P.S. While the software might/or might not be accurate for the specific prints coming out of it, it makes no allowance for service ink use and cancelled/failed part prints don't register from an ink or paper use either.


----------



## Kit Lens Jockey (Mar 13, 2017)

I've given it as much encouragement as a I can, short of physically cheering on the printer as I try to connect to it.

I get to the add printer dialog box, it finds the printer, I try to add it, it hangs on the "acquiring printer information" progress window for a few minutes. Sometimes this is indefinite, sometimes it does seem to "acquire the information." But even in that case, when the printer shows up on the list of possible printers I might add to the accounting program, it says it can't communicate with the printer, and I can't add a printer I can't communicate with.

Any info you have would be helpful though, thanks. Hopefully I will get it sorted out with Canon's help soon.


----------



## Kit Lens Jockey (Mar 17, 2017)

Did not hear back from Canon, called them again, went through a few things with the tech support guy, mainly just uninstalling and reinstalling the printer and accounting manager. Still no dice.  They said they'd look into it more and get back to me, but it might be the fault of the driver, which is made by Apple, so they kind of blamed it on Apple.


----------



## privatebydesign (Mar 20, 2017)

Ok I am home and just got around to firing up the printer that has been dormant for a few weeks.

Even though it had the same IP address it wouldn't account for the test print. Here is how I reconnected it.

Filerinter:Manage Printer. In that 'Printer Management' box select the printers that are there and press 'Unregister'. Go to 'Add Printer' button, the printer will come up with one or two addresses, I chose the IPv6 address and added it. Then on the 'Printer Management' box select 'OK'. You should now have one printer in that box, when you press OK if you don't have a password for the printer it will tell you that, I ignore it.

Then just press the 'Update the information shown' button, the circle arrow thing in the top left. I just did all that and it accounted for my new test print. 

I assume all the unnecessary steps are because I shut down my LAN while I was away but I will assign the printer a fixed IP as suggested and presume that will get ride of my need to reregister it occasionally.


----------



## privatebydesign (Apr 8, 2017)

Kit Lens Jockey, did you ever get it working?
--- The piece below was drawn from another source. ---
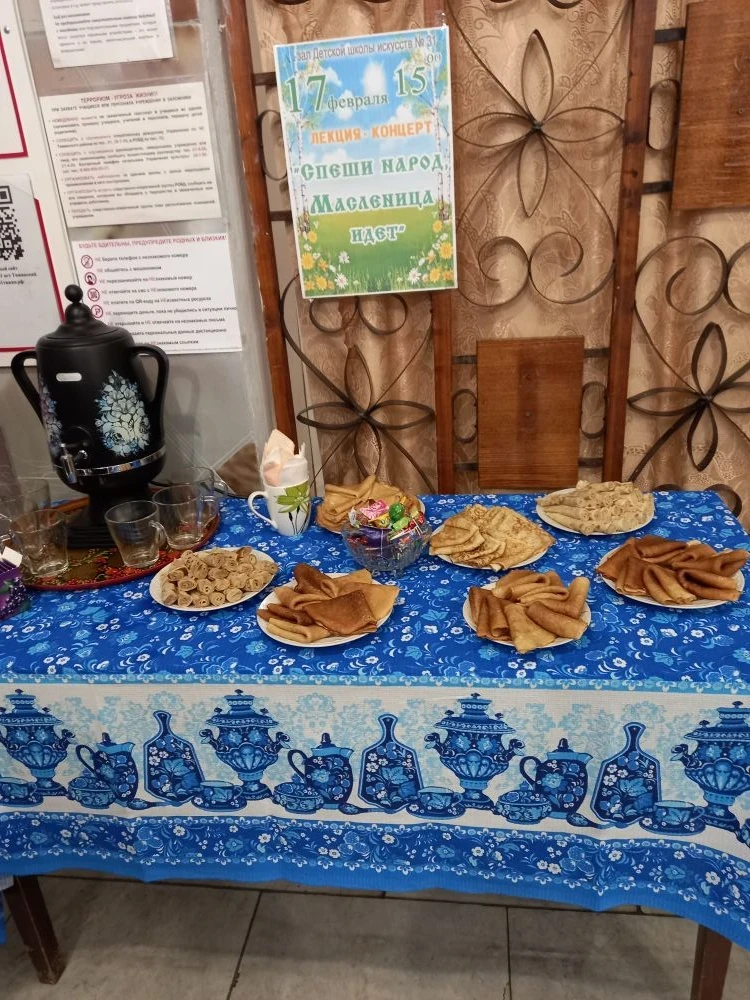 Главная » 2026 Февраль 18 » Лекция-концерт «Спеши народ - Масленица идёт» Лекция-концерт «Спеши народ - Масленица идёт» Спеши народ, Масленица идёт17 февраля в Детской школе искусств № 31 прошла лекция-концерт «Спеши народ - Масленица идёт». Ведущая Наталья Анатольевна Чухрова, заместитель директора по учебной работе, рассказала об истории, традициях и обычаях русского праздника «Масленица». Учащиеся отделения народного пения исполнили масленичные заклички и русские народные песни. В рамках мероприятия прошла выставка преподавателя Агропромышленного техникума Жогиной Галины Алексеевны «Тёщины вечёрки». По традиции масленичной недели преподаватели школы напекли блинов и угощали всех участников мероприятия. Учащимся очень понравилось мероприятие и они поблагодарили преподавателей за организацию праздника. #добромасленица #соседивместе #добрыесоседи #блин #праздник

I have now exported my tabulations to .csv's and imported them to a spreadsheet giving a pretty good breakdown of printing costs, as distinct from actual running costs!


----------



## Kit Lens Jockey (Apr 9, 2017)

Nope, I basically stumped Canon's tech support people, and they never called me back with an answer. :-\ If I'm that concerned about it, I will probably just plug in through USB when I want to print, as my primary computer is a laptop.


----------



## privatebydesign (Apr 9, 2017)

Kit Lens Jockey said:


> Nope, I basically stumped Canon's tech support people, and they never called me back with an answer. :-\ If I'm that concerned about it, I will probably just plug in through USB when I want to print, as my primary computer is a laptop.



I doubt you stumped them they just didn't call you back, which is pretty standard.

Did you follow the steps I use to connect via network? It is a useful piece of software to have though you do need to export to .csv when you have a price change on any of the unit costs as it doesn't memorize the previous jobs and recalculates all jobs in history to the new unit prices.


----------



## mmphotos (Dec 8, 2017)

Found this site looking for a solution to the same problem. It would find my printer in the accounting software but could not add it because it said there was communication problem. I tried just about everything on here to get it to work. I replaced the USB cable and it started working like it was supposed. Just thought i would pass along what fixed it for me in case anyone else comes across this thread looking for a fix


----------